> Dataset records:
_ _ _ _

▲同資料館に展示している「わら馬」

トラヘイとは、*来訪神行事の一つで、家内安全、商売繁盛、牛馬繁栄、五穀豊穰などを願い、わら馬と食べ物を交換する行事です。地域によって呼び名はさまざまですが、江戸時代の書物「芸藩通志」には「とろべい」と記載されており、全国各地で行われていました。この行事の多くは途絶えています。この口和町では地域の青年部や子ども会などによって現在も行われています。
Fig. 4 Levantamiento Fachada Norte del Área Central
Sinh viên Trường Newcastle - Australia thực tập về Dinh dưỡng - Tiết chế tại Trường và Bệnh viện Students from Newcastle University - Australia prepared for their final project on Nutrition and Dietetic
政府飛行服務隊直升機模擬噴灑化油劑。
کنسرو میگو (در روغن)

_ _ _ _

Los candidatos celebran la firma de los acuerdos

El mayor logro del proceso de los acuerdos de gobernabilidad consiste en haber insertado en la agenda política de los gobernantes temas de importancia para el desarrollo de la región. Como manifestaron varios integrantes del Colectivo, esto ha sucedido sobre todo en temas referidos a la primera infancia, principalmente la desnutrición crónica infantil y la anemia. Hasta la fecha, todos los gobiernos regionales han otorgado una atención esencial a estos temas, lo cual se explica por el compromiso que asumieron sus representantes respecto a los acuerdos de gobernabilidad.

_ _ _ _

> What is needed: Pull every line that holds the string "acuerdos" out of the records.

> Your response:
Los candidatos celebran la firma de los acuerdos
El mayor logro del proceso de los acuerdos de gobernabilidad consiste en haber insertado en la agenda política de los gobernantes temas de importancia para el desarrollo de la región. Como manifestaron varios integrantes del Colectivo, esto ha sucedido sobre todo en temas referidos a la primera infancia, principalmente la desnutrición crónica infantil y la anemia. Hasta la fecha, todos los gobiernos regionales han otorgado una atención esencial a estos temas, lo cual se explica por el compromiso que asumieron sus representantes respecto a los acuerdos de gobernabilidad.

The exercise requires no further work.